One side effect of this “Because I’m worth it” vox pop TV culture is a society where everyone thinks their opinion on EVERYTHING is a VERY IMPORTANT OPINION. No one is willing to even consider anymore that opinions have a qualitative value, based on education, life experience, expertise.
That humility was once considered a virtue, not a sign of weakness.
There is an ocean of historical class warfare in the USA, whatever the talking heads on TV say about America being a “classless society”. The USA simply swapped the old British hereditary class system for a class system based on money and “race”.
Don’t believe it? Very few western countries have “tipping” as deeply embedded in their culture as the USA. Tipping culture is a visceral reminder of the master/servant relationship, in which one party is constantly aware that the person with the most money holds the most power. The “servant” is constantly aware that their very livelihood depends on “performance”. Not simply performance of their job, but an attempt to read the often unspoken expectations of the customer/master and guessing what type of social performance is most likely to please them.

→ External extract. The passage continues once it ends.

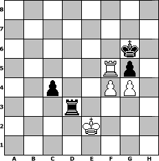game notation in PGN-format [Event "80 Jahre Weltmeister Max Euwe"] [Site "www.myChess.de"] [Date "2015.07.20"] [Round "1"] [White "sprinterde"] [Black "Joschi"] [ECO "A57"] [WhitemyELO "1727"] [BlackmyELO "1567"] [Result "1/2-1/2"] [TimeControl "10/2592000"] [WhiteDays "207"] [BlackDays "210"] [MyChessNo "99755"] 1. d4 Nf6 2. c4 c5 3. d5 b5 4. e3 bxc4 5. Bxc4 d6 6. Nc3 g6 7. Nf3 Bg7 8. O-O O-O 9. h3 Nbd7 10. e4 Nb6 11. Bb5 Bd7 12. Qe2 Bxb5 13. Nxb5 a6 14. Na3 Qc7 15. Bg5 Rfb8 16. Rae1 Nbd7 17. Nc4 Nb6 18. b3 Nxc4 19. bxc4 Rb4 20. e5 Ne8 21. e6 f6 22. Bd2 Rb2 23. Qd3 Rab8 24. Ra1 f5 25. Bc3 Bxc3 26. Qxc3 Nf6 27. Nd2 R2b4 28. f3 Qa7 29. a3 Rb2 30. Rfe1 a5 31. g4 fxg4 32. hxg4 h6 33. Ne4 Nxe4 34. Rxe4 R8b3 35. Qc1 g5 36. Qf1 Rc3 37. Re2 Rxe2 38. Qxe2 Qb8 39. Qe4 Qf8 40. Kg2 Qg7 41. Rb1 Qf8 42. a4 Ra3 43. Rb2 Qf6 44. Rb6 Ra2+ 45. Kh3 Rxa4 46. Rxd6 Ra3 47. Rd8+ Kg7 48. Kg3 Qa1 49. Qe2 Qg1+ 50. Qg2 Qe1+ 51. Qf2 Qe5+ 52. Kh3 Qe4 53. Kg3 Qf4+ 54. Kg2 Rd3 55. Qb2+ Qd4 56. Qxd4+ Rxd4 57. Ra8 Kf6 58. Rxa5 Rxc4 59. Kf2 Ke5 60. Ra7 Kxd5 61. Rxe7 Kd6 62. Rh7 Kxe6 63. Rxh6+ Kf7 64. Rc6 Rc3 65. Ke2 c4 66. Rc5 Kg6 67. Rf5 Rd3 68. f4 1/2-1/2 position notation in FEN-format 8/8/6k1/5Rp1/2p2PP1/3r4/4K3/8 - - - 0 68 Captured white pieces: Captured black pieces: Click on a captured piece in order to display the desired move!

It is not enough to be professional and polite – one must also be an actor, an actor able to carefully calibrate one’s behavior and personality to the ego of the person holding the cash who decides whether they have “performed” to expectations.
This mini-digression into the social meaning and significance of tipping culture is about illustrating the many ways in which we reinforce superiority/inferiority on a daily basis – even when we are kind at heart, and don’t mean to do this. We do many other things every day, believing them to be “normal”, when we are in fact simply repeating innumerable behaviors which are the legacy of social caste indoctrination.
People who come from an underclass background are acutely attuned to the ways in which others assert their “superiority”.
Unwrapping the layers of “nationalist indoctrination” and “caste indoctrination”, and helping others to see the world with different eyes, is a bit like trying to help people who have spent years in thrall to a religious cult.
If we happen to meet a family member who has joined a cult, our first conversation in ages probably shouldn’t begin with asking them “How can you be so stupid?”
Especially if we have not asked the same question of ourselves, every day.